We keep a register of all notifications and this is available to the public during office hours at Colvend, Grassington.
Dead or dangerous trees
If a tree is dead or dangerous (DD rule) then you only need to give the Authority five days notice (except in an emergency) that you intend to carry out the works to the tree. You must, however, provide evidence that this is the case, for example, in the form of relevant photographs or a report by a qualified and experienced arboriculturalist. The onus is on you to prove that the tree is dead or dangerous and if you cannot do so, a court may find you guilty of an offence. If you are unsure of the exemptions please contact our Trees and Woodlands team.
If the total amount of timber that you wish to cut down contains more than five cubic metres of wood (as long as no more than two cubic metres of any exempt amount are sold) in any calendar quarter, then you will require a felling licence from the Forestry Commission. If a licence is required, the Forestry Commission will deal with you application in consultation with the National Park Authority.
Telling us about proposed work in a conservation area
When you notify the Authority about proposed work to trees in a conservation area you will need to:
- Complete the relevant form provided by the Yorkshire Dales National Park Authority in a clear way
- Provide an arboricultural consultant's report if requested to support the application.

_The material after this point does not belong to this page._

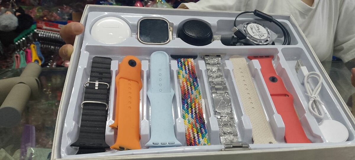 Découvrez la montre intelligente connectée D99 PLUS 8 en 1, un accessoire multifonctionnel qui combine un style élégant et des fonctionnalités avancées. Livré avec 7 bracelets et écouteurs bluetooth, baffe

How we can help with your notification
If you would like assistance before your notification we will:
- Provide clear instructions, a notification form and an explanatory leaflet from the Department of Communities and Local Government.

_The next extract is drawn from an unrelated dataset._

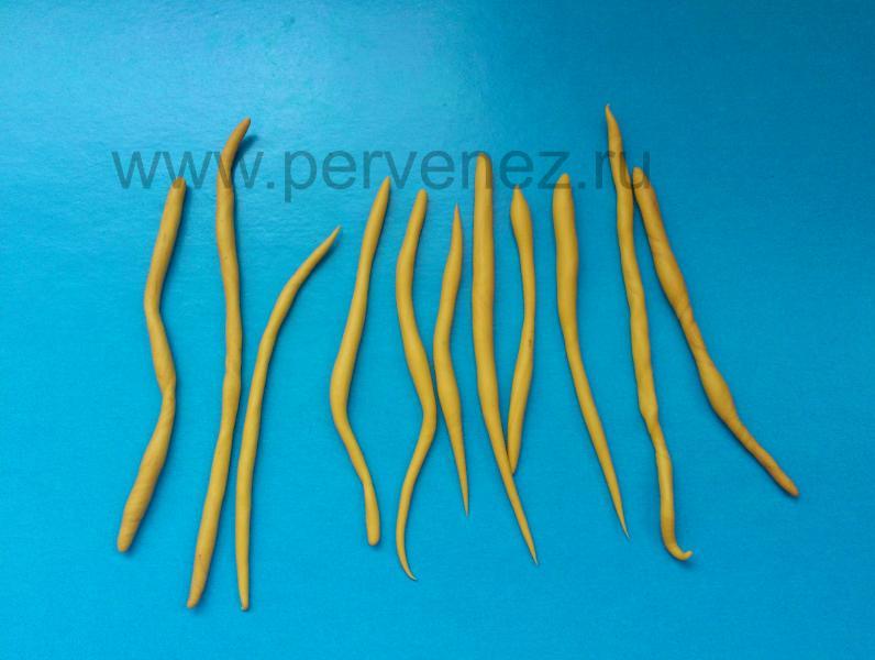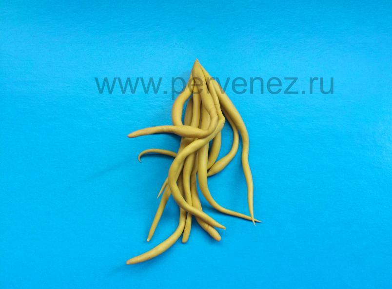 9. Скатайте каждый кусок в ладошках до состояния тонкой колбаски. Это будут щупальца морского обитателя.

- Discuss your notification at pre-notification stage
- Provide a list of potential contractors to assist you in finding a contractor able to carry out the proposed work.
- If necessary, request that you provide a qualified and experienced arboricultural consultant's report.
- Inform you at the earliest opportunity if the dead or dying (DD) five day rule might apply.
What happens when we receive your application
When we receive your application we will:
- Discuss the application during notification period.
- If necessary, ask you to provide a qualified and experienced arboricultural consultant's report.
- Inform you, at the earliest opportunity if the DD five-day rule applies.
- If necessary, put up site notices.
- Consult with interested parties
- Respond when we say we will - within a mutually agreed deadline.
- Process your application within six weeks.
- Process your application efficiently and professionally.
When the decision has been made
We will send either:
- A letter that confirms that the National Park Authority has no objection to the work taking place or
- A TPO made in the interests of amenity. The proposal would then have to be the subject of a formal application under the TPO.